> Exercise instructions
Could you write out, exactly as they stand, only the lines in the listing below from the line with "我们对经济运行、商品价格、货" to the line with "FIGURE 2 TOTAL", both ends included, without the pictures?

> Task data
++++++++
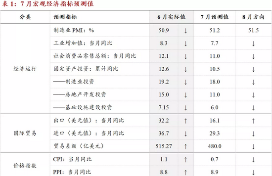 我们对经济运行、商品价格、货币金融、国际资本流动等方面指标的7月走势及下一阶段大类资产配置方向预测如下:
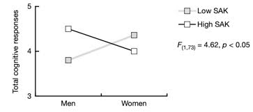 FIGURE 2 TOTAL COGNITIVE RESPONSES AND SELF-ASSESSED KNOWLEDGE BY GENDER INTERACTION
++++++++
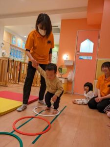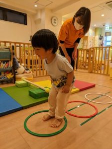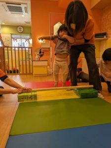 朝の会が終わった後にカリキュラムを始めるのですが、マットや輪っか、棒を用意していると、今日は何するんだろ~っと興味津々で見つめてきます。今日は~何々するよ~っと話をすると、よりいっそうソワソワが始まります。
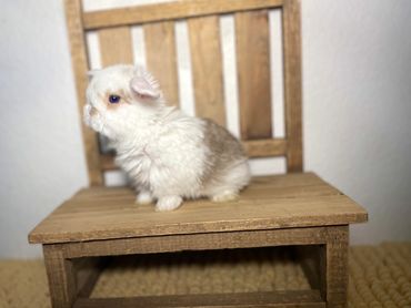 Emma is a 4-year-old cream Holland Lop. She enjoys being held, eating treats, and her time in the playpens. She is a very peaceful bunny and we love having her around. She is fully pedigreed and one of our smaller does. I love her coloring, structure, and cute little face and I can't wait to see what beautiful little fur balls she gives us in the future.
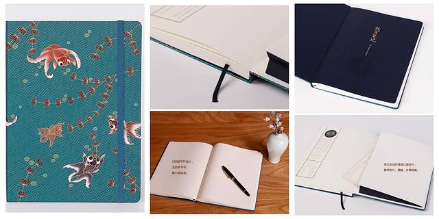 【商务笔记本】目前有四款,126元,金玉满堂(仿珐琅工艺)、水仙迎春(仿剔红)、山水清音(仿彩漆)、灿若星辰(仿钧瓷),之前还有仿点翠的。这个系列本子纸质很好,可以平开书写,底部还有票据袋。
++++++++
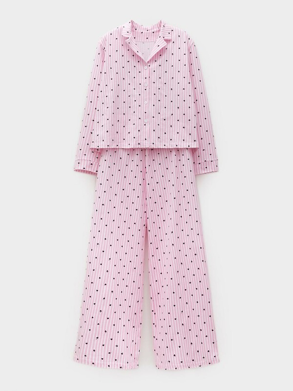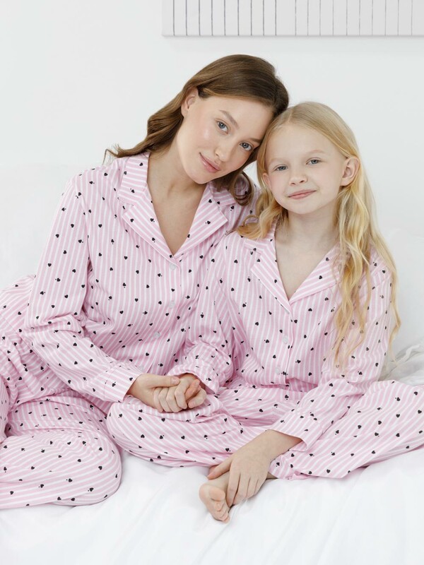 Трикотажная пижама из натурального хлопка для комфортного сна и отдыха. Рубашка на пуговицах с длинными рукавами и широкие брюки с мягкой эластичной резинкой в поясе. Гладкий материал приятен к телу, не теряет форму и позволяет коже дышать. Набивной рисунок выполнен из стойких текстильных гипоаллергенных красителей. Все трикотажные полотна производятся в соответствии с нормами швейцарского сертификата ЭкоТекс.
++++++++
> Output for this task
 我们对经济运行、商品价格、货币金融、国际资本流动等方面指标的7月走势及下一阶段大类资产配置方向预测如下:
 FIGURE 2 TOTAL COGNITIVE RESPONSES AND SELF-ASSESSED KNOWLEDGE BY GENDER INTERACTION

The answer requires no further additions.